🤖 AI Summary
This study addresses the lack of evaluation mechanisms for precisely localizing multi-page handwritten solutions and their reasoning steps in existing automated grading approaches. We propose the first two-level region localization benchmark tailored for multi-page handwritten responses, which requires models to simultaneously identify the full answer region across a sequence of pages and its constituent, ordered step subregions, accompanied by a page-aware evaluation protocol. To support this benchmark, we construct a large-scale, manually annotated dataset featuring hierarchical annotations at both the problem and step levels—the first of its kind—and introduce a dual-metric evaluation framework based on Full Answer (FA) and Fine-grained Step (FSm) scores.
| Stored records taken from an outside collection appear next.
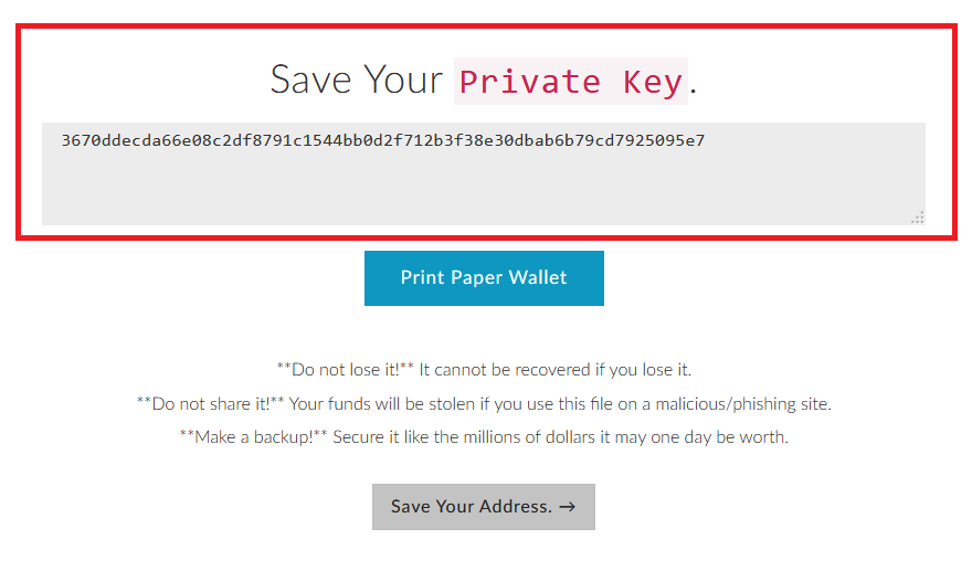 Una vez que le dimos a continuar, nos va a dar una llave privada cual hay que guardarla con mucha seguridad.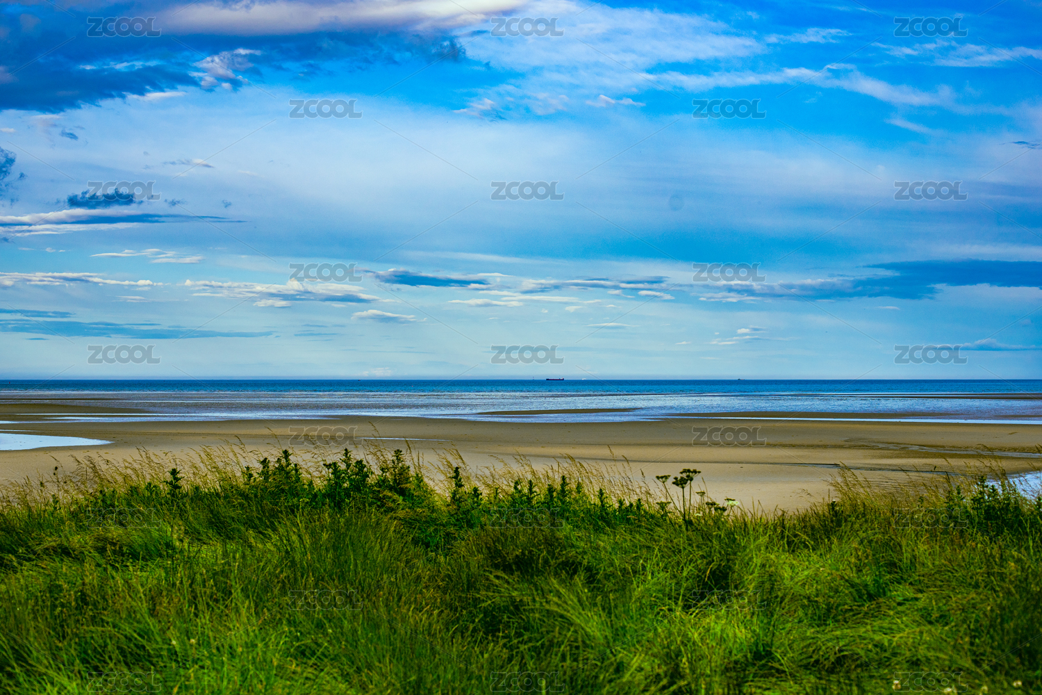 爱尔兰都柏林-蓝天白云下的湿地海滩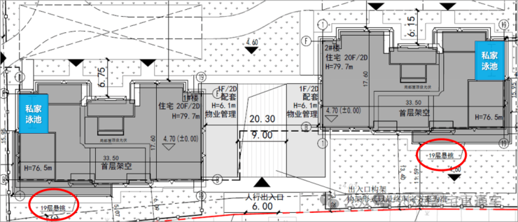 蕞南端的1#和2#楼均配套有私家泳池,还在19F采用了住宅楼当中较为少见的悬挑工艺,延伸出了一定的使用空间,预计就是做类似于“悬挑泳池”的。这里应该就是传说中的“超级大平层”所在位置。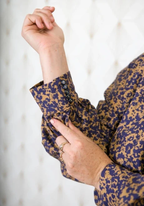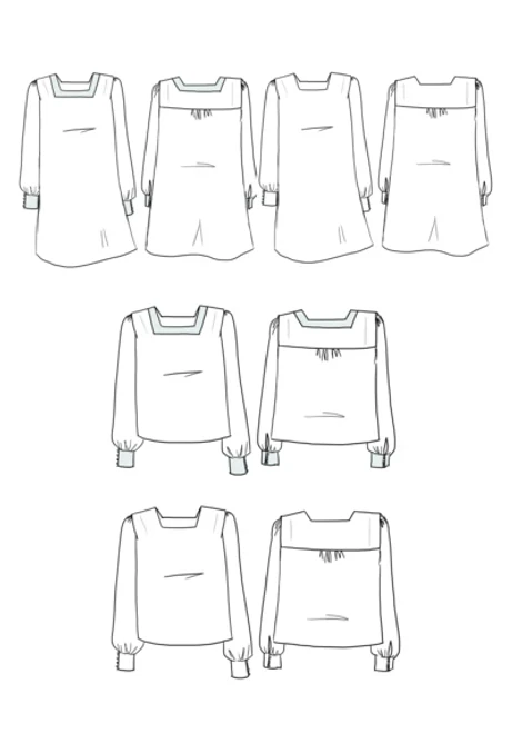 The Lauren pattern features stunning, gently gathered sleeves and a structured square neckline that can be highlighted with a neckline band. The long buttoned cuff add a touch of elegant retro.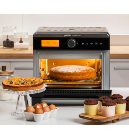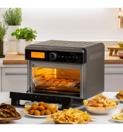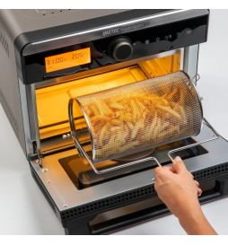 Friteze me ajër shumëfunksionale me 12 programe gatimi të paracaktuara, i kompletuar me aksesorë dhe panel kontrolli me prekje. Ngrohje e shpejtë, në vetëm 4 minuta.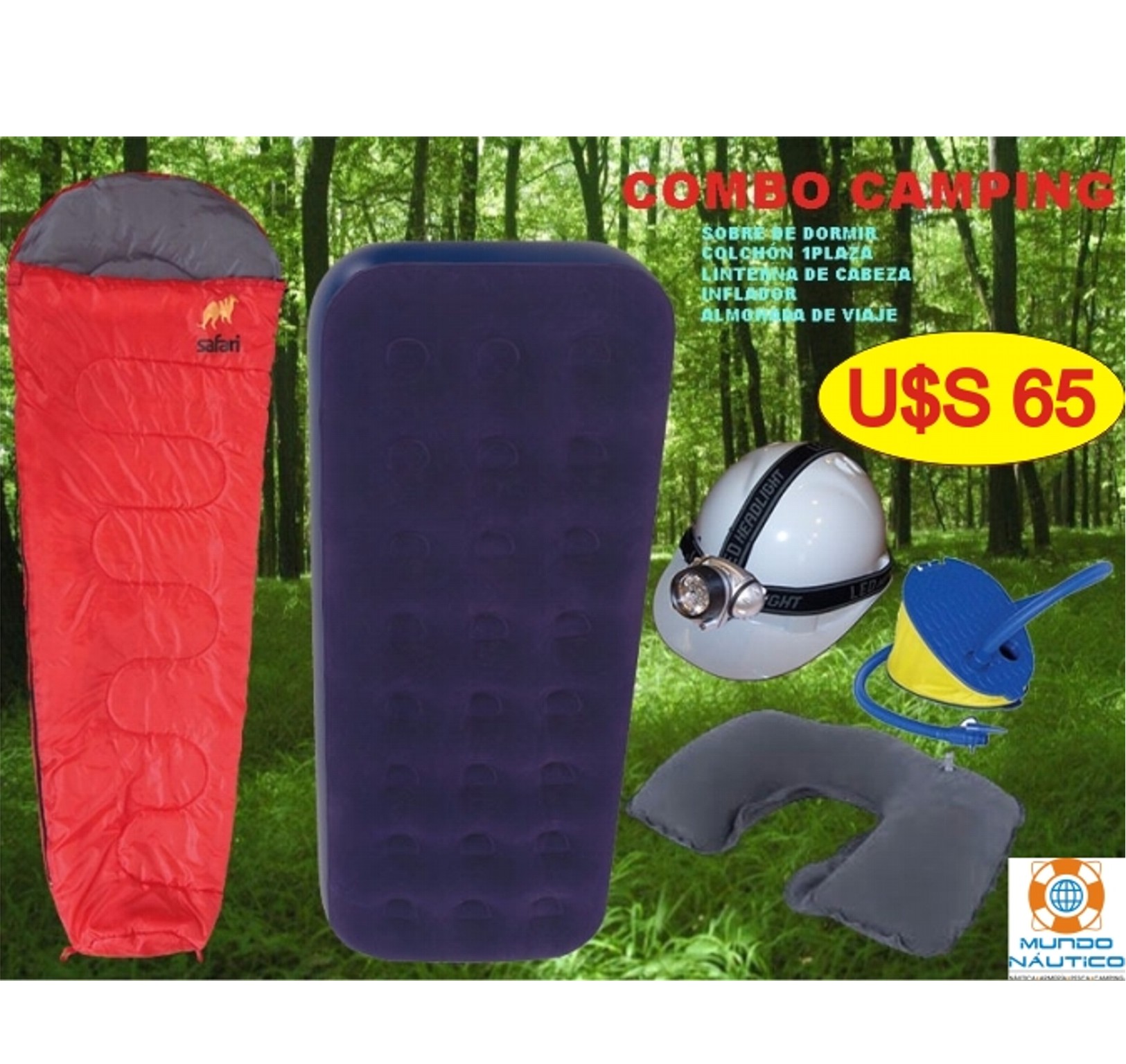 Combo Camping : Colchón+Sobre dormír+Almohada+Linterna Cabeza+Inflador

Experiments reveal that zero-shot models exhibit limited performance (FA/FSm ≤ 55.22%/48.22%), whereas a fine-tuned GLM-4.6V 9B model achieves substantial gains (74.97%/72.26%), highlighting a critical capability gap in current models for fine-grained step localization.
📝 Abstract
Automated homework assessment depends not only on recognizing student answers, but also on accurately locating where each answer and each intermediate reasoning step appears in noisy, multi-page handwritten work. This paper addresses the missing evaluation setting of page-aware, two-level answer-region grounding: given a sequence of homework page images, a model must localize complete answer regions and their ordered step-level subregions. We introduce HG-Bench, a benchmark of 500 human-annotated K-12 homework samples curated from a 1,489,278-image source pool, with question-level and step-level boxes linked by a hierarchical containment constraint. HG-Bench is paired with a page-aware evaluation protocol that separately measures complete-answer localization (FA) and step-level decomposition (FSm), revealing whether models truly ground the spatial structure of student reasoning rather than merely parse visible text. Across frontier closed-source APIs and competitive open-weight VLMs, no zero-shot system exceeds 55.22% on FA or 48.22% on FSm, while a GLM-4.6V 9B reference model fine-tuned on ~10k in-domain examples reaches 74.97/72.26. These results identify step-level handwritten grounding as a concrete capability gap and provide a reproducible benchmark, evaluation protocol, and trained reference point for future work on automated homework assessment.